**Given information:**
******
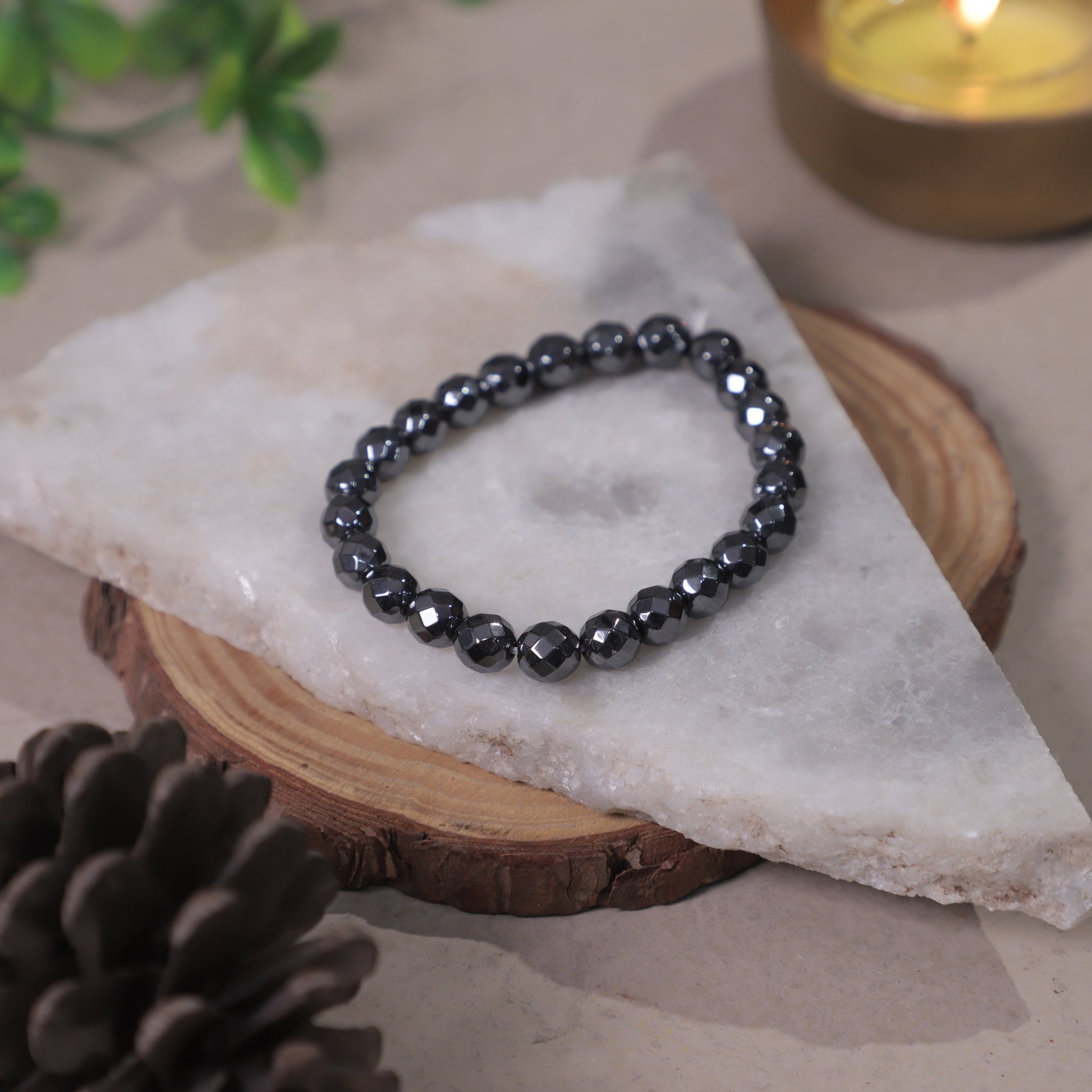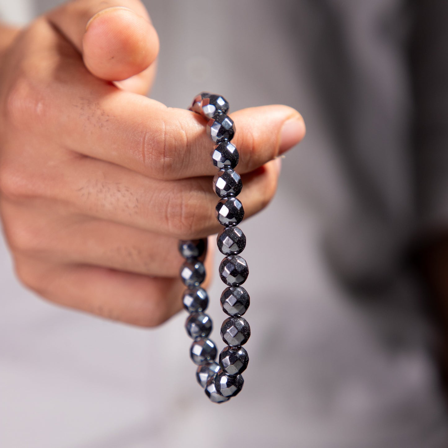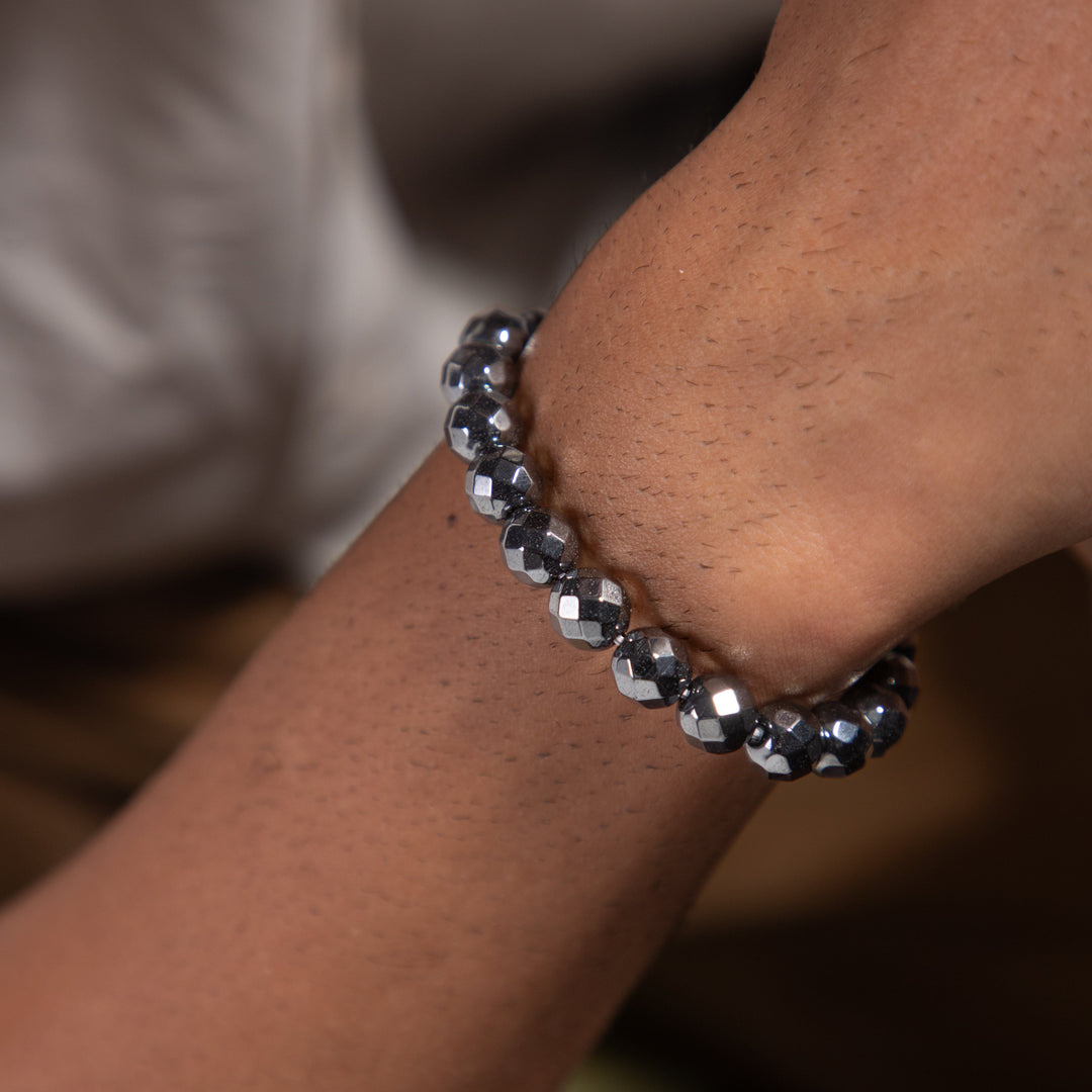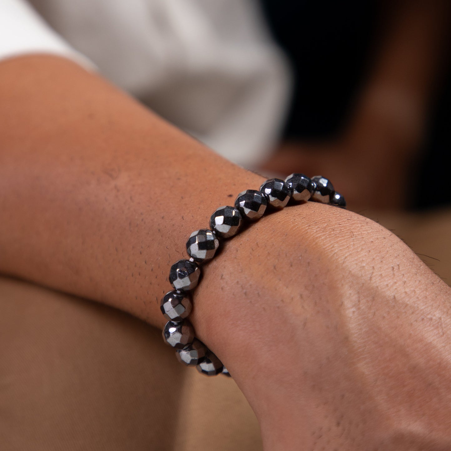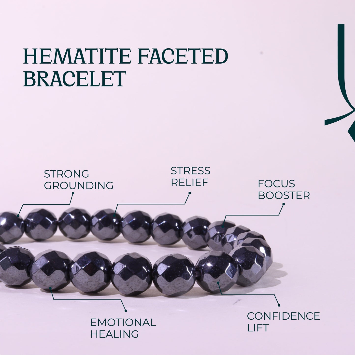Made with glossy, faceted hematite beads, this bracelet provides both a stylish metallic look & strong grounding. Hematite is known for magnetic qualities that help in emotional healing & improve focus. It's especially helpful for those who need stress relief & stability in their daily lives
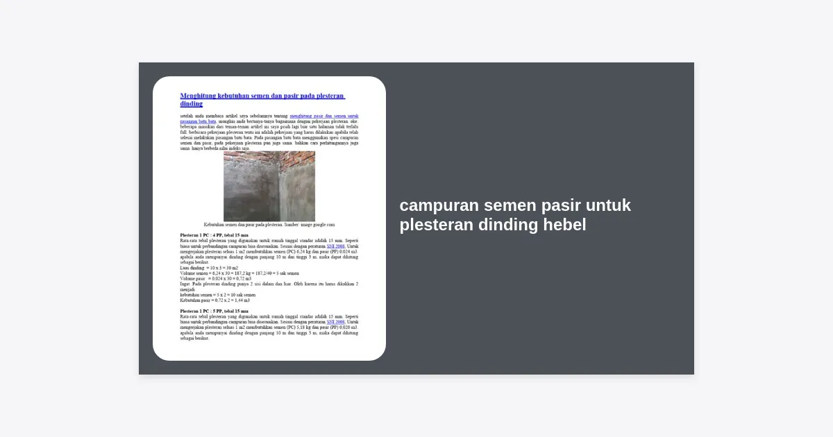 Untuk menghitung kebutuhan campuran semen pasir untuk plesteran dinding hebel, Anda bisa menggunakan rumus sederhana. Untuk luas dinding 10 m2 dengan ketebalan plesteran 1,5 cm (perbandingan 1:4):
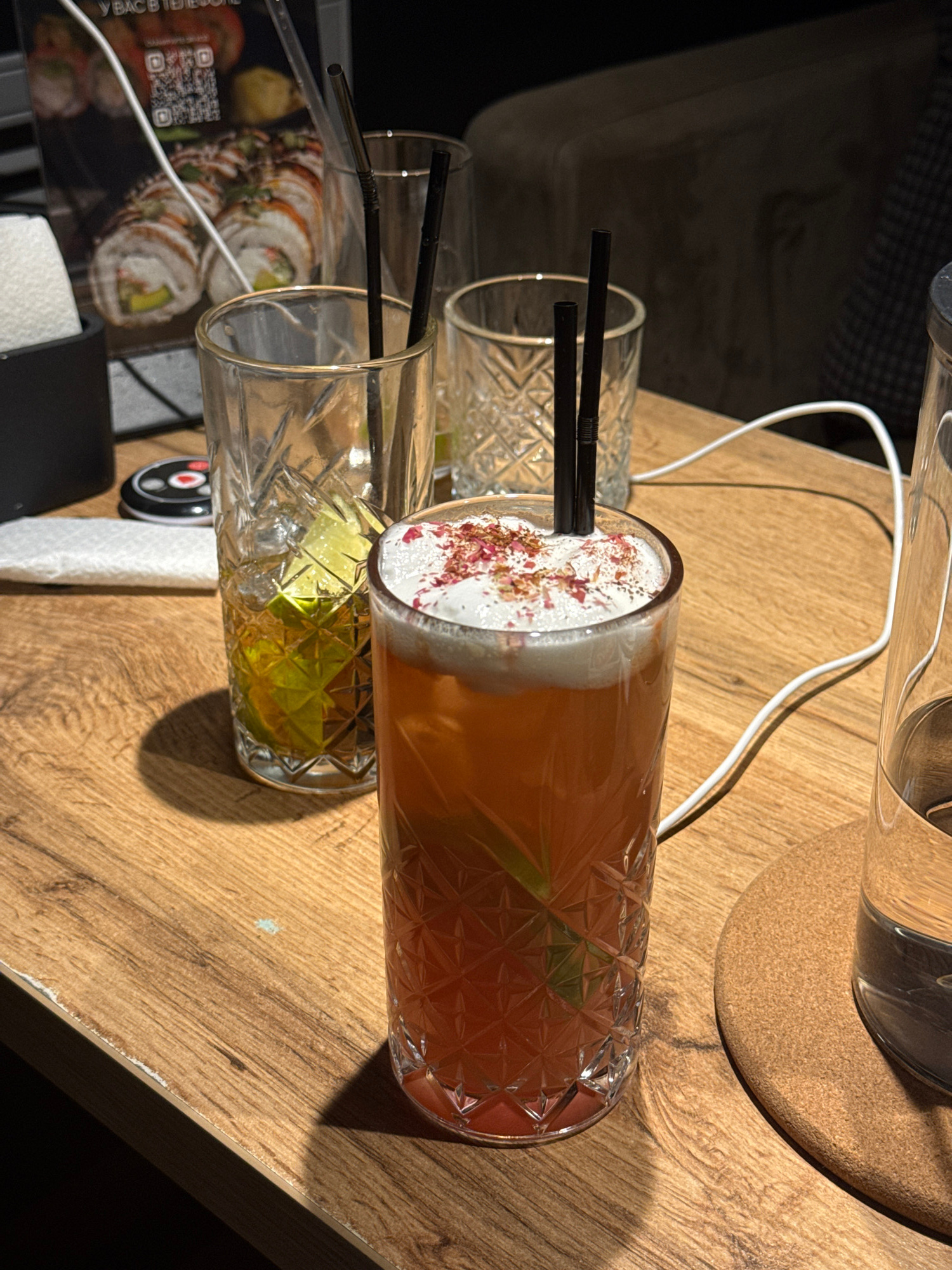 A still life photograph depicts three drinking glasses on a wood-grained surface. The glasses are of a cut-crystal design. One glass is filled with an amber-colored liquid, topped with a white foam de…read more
******
**Work request:** Starting where a line contains "Untuk menghitung kebutuhan" and finishing at the last line above, set down every line exactly as it reads, with no pictures.

**Task solution:**
 Untuk menghitung kebutuhan campuran semen pasir untuk plesteran dinding hebel, Anda bisa menggunakan rumus sederhana. Untuk luas dinding 10 m2 dengan ketebalan plesteran 1,5 cm (perbandingan 1:4):
 A still life photograph depicts three drinking glasses on a wood-grained surface. The glasses are of a cut-crystal design. One glass is filled with an amber-colored liquid, topped with a white foam de…read more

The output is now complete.